Стоит отметить, что в отличие от других двух тирфов, когда мы настигали их, а после уничтожали, Терваигон не имеет привычки высказывать высокомерные слова, возвеличивая себя и унижая всех вокруг. Это говорило о том, что, даже будучи стеснённым, он держится достойно. В нём есть сила, в отличие от его собратьев.
Наше проклятье было непреодолимо, наша сила настолько велика, что исполнитель желаний не мог вырваться из нашей хватки. Он не мог заставить всех этих людей подняться с земли, чтобы продолжить выполнять его желания. И можно подумать, будто бы и он, и мы находимся в безвыходной ситуации. Да вот только у нас был Устиладонис. Тиразаил проносился над людьми и пожирал их желания. А так как сейчас их разумы заняты Терваигоном, получалось так, что бессмертный понемногу пожирал самого саткара. Чудовище медленно проплывало мимо людей, которые были беспомощны, и незримые потоки сущности саткара тянулись за ним следом, пока разумы жертв исполнителя желаний не оказывались полностью очищенными от каких-либо мыслей. В таком случае человек мог уже мыслить самостоятельно. Ни личность, ни воспоминания не были искажены. Поэтому, чтобы у очищенных не было никакого страха, тиразаил также снимал с очищенных проклятье, чтобы человек мог подняться с земли и не испытывать трепета. Недоумение, конечно же, было, ведь он поднимался с земли, как будто бы пробуждаясь ото сна, а после видели вокруг себя других людей, которые лежат, объятые немощью, как мимо них пролетает некто жуткий, после чего люди поднимались на ноги, пребывая в таком же недоумении.
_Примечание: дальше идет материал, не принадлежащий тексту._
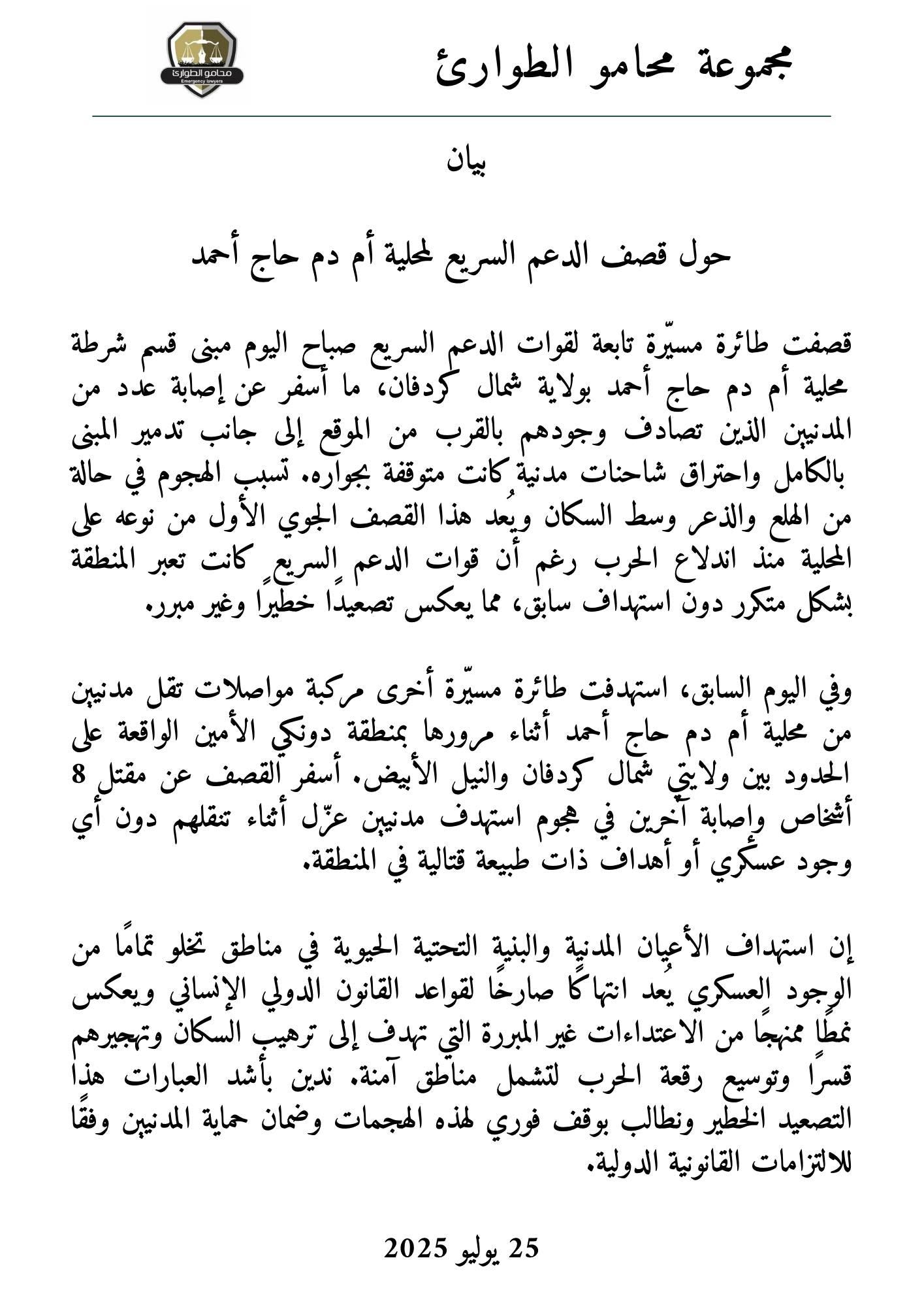 أضافت المجموعة تسبب الهجوم في حالة من الهلع والذعر وسط السكان ويُعد هذا القصف الجوي الأول من نوعه على المحلية منذ اندلاع الحرب رغم أن قوات الدعم السريع كانت تعبر المنطقة بشكل متكرر دون استهداف سابق، مما يعكس تصعيدًا خطيرًا وغير مبرر.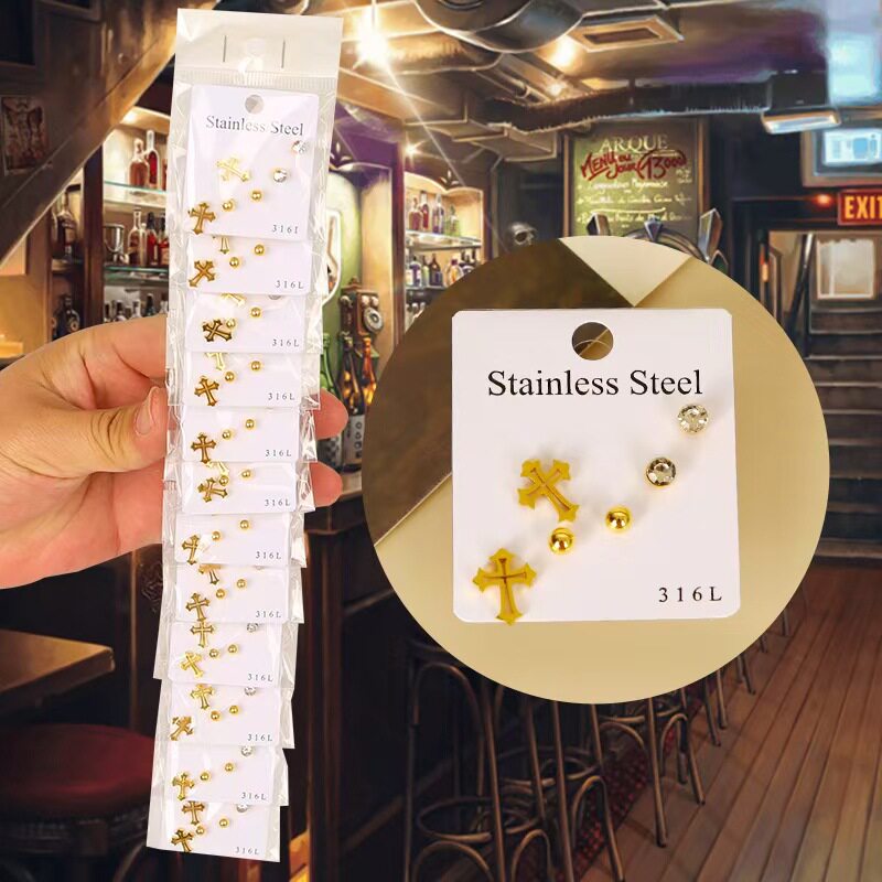 保色钢钉耳钉三对装 耳环礼物耳饰生日礼物送女生闺蜜 一周耳饰套装

Таким образом тирф попытался обмануть нас, однако ж в итоге сам оказался обманут. Находясь внутри этих существ, он планировал использовать их для того, чтобы поставить нас перед невыгодным выбором. Но всё случилось наоборот. Теперь у него был невыгодный выбор: либо погибнуть, будучи пожранным по частым, либо оставить этих несчастных людей и сразиться с нами в открытую. Бежать мы ему уже не позволим. И пока он пытался вести с нами диалог, Устиладонис поглощал его. Он заканчивал обходить уже один оплот и переместился на другой, но Терваигон всё ещё пытался купить себе свободу. Его слова были пусты, а попытки заставить сокрушённых людей подняться и продолжать нападать были тщетны. Он лишь хватал их за желания, когда как мы прижимали их к земле, ухватившись за всё их тело. Разумы сузились до того, что в них не осталось никакой мысли, тела одряхлели, из-за чего они даже стоять не смогут, если их поставить, нервы перестали проводить сигналы, дыхание стало медленным, сердцебиение практически исчезло. Эти умирающие существа не почувствуют сейчас даже укол клинка. Погибнут, даже не заметив этого. Поэтому Терваигон никак не мог их задействовать для своих ничтожных целей. И ему всё-таки пришлось оставить их, пришлось материализоваться в этом мире, чтобы возыметь шанс побороться за свою свободу.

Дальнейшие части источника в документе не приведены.